In order to make a child’s education consistent with one’s innate characteristics, it was necessary to investigate them. Therefore, issues on the peculiarities of a child’s psyche, possibilities of the development and education thereof were raised – these were the problems that we had already encountered in works of the Lithuanian publicists of the late 19th century. Great attention to the issues of mental development was paid by Vydūnas in the Jaunimas magazine (1910-1914) and his separate books. These issues were extensively discussed in the Mokykla magazine by the teachers I. Burba, A. Jakučionis, I. Palukaitis, and especially, K. Skabeika. But we will not find a single common system of pedagogical or psychological views. A lot of contradictions may be found among different authors and even among different articles by the same author.

Vydūnas treated a child’s psychological development as an improvement process, not void of internal contradictions. Vydūnas, A. Jakučionis, and K. Skabeika also recognized the role of activity in a child’s mental development. Besides, Vydūnas noticed that teaching had great importance for a child’s mental development, because it helped find out laws of the objective reality and allowed to affect it at the same time. Human nature improves in thinking and at work. Although a general philosophical conception by Vydūnas is idealistic; he adhered to the positions of intuitionism when solving issues of knowing the reality, and he expressed a number of correct and interesting thoughts on separate issues of a child’s mental development.

The Mokykla magazine (1909-1913) published a number of articles criticizing the czarist school for the prevalence of scholastic teaching methods, disregard to children’s innate characteristics, suspension and distortion of their development. A child’s mental development was frequently treated as a spontaneous “disclosure” of innate rudiments.

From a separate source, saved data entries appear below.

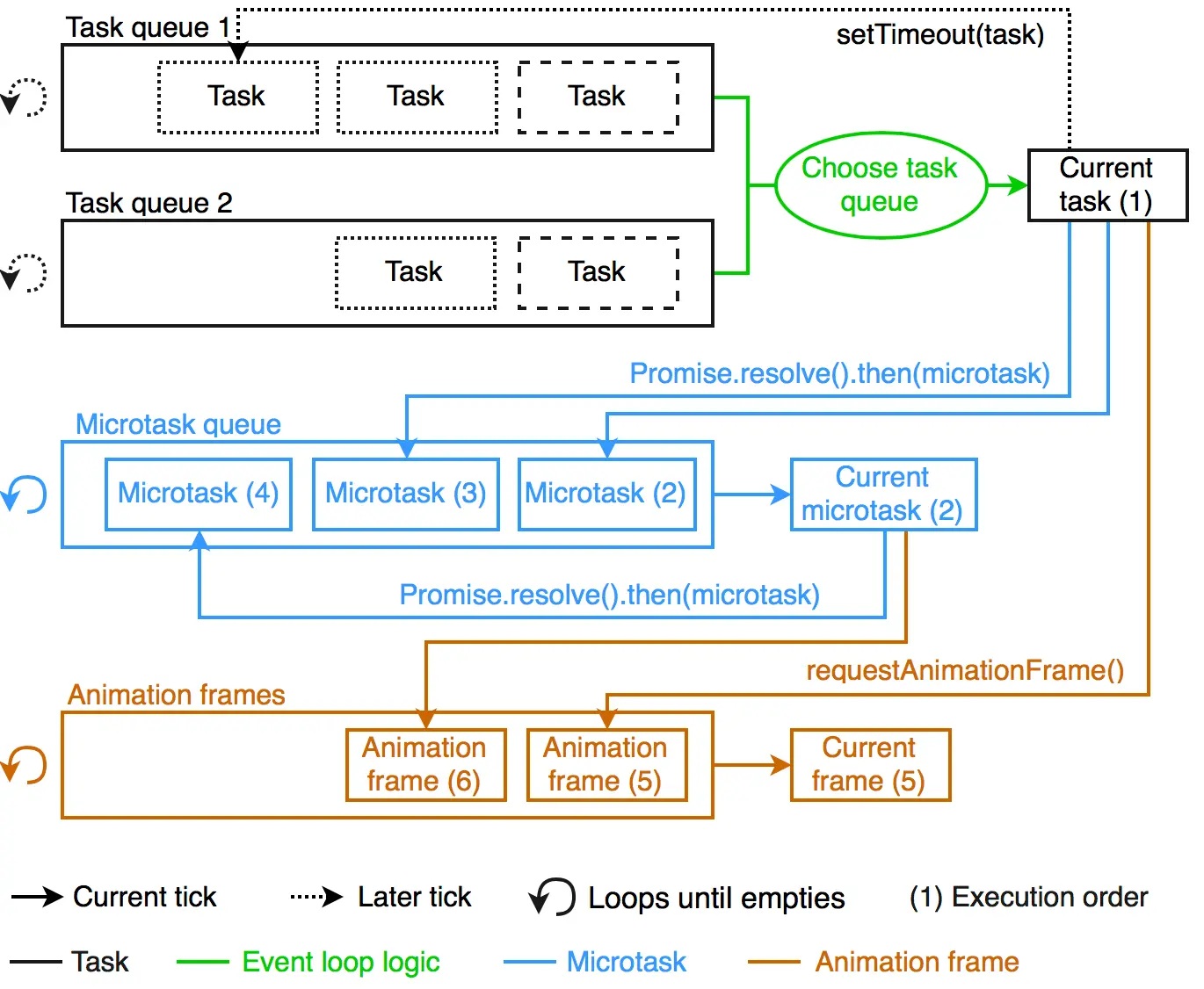 一次事件循环的遍历叫做 tick,其中执行的代码称为任务。一个 tick 之中只能有一个微任务队列,一个 tick 之中可以有多个任务队列。
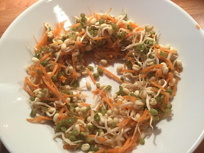 Laita riisinuudelit likoamaan kylmään veteen. Annostele kahdelle syvälle lautaselle idut ja porkkanaraaste. Levitä niitä lautasen reunoille ja jätä keskelle pieni kolo.
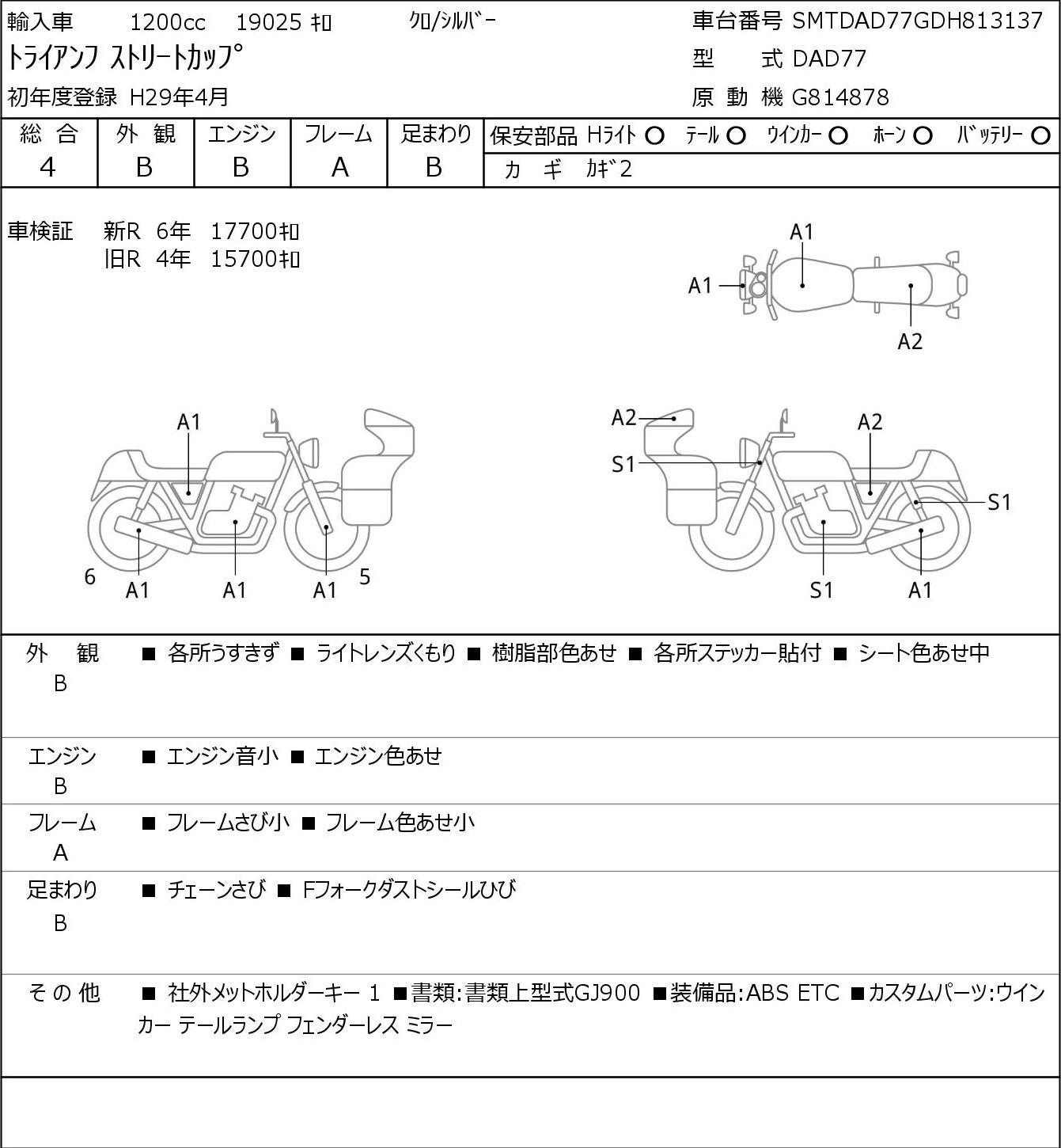 Detailed vehicle condition analysis performed by Japanese experts. Check damage codes below.
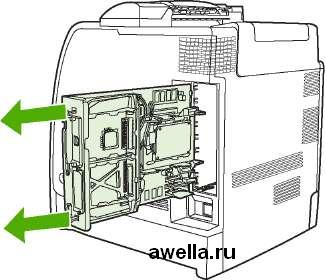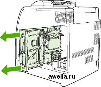 5. Осторожно потяните за черные выступы, чтобы извлечь плату форматтера из принтера. Положите плату форматтера на чистую ровную заземленную поверхность.

Some authors failed to liberate themselves from the effect of biological evolutionism and cultural historicism.

A different attitude towards a child’s mental development raised objections on pedagogical issues. Supporters of children’s spontaneous mental development (Jakučionis, Palukaitis, Skabeika, etc.) stressed that teaching must develop a child’s abilities, independence of one’s thinking so that a teenager going into life could find proper objects of knowledge and goals of activity. Vydūnas, A. Busilas, I. Širvydas, etc., despite recognizing the independence of a child’s solutions and actions during teaching, at the same time also stressed the role of scientific knowledge for general mental development. Busilas solved this contraposition by highlighting the importance of students’ activeness in the education process. Without such activeness, neither formal, nor material education may give noticeable results. No one, however, raised an issue about how in principle it is wrong to oppose the acquisition of knowledge against the development of mental abilities.

The demand that education must the meet the needs of children’s nature, age peculiarities had a positive effect on the preparation of textbooks for Lithuanian schools, as well as for solving issues of readings for children. Jakučionis, Palukaitis, Skabeika, etc. take an important place in developing a psychological and pedagogical thought in Lithuania in the early 20th century, because they sharply criticized the czarist Russia, raised a thought on the singularity of a child’s mental life and disclosed some laws of one’s mental development, spread scientific knowledge on experimental pedagogy and psychology. Their demand to harmonize education with the child’s psychic nature prompted teachers to better understand child psychology and sometimes to study it independently.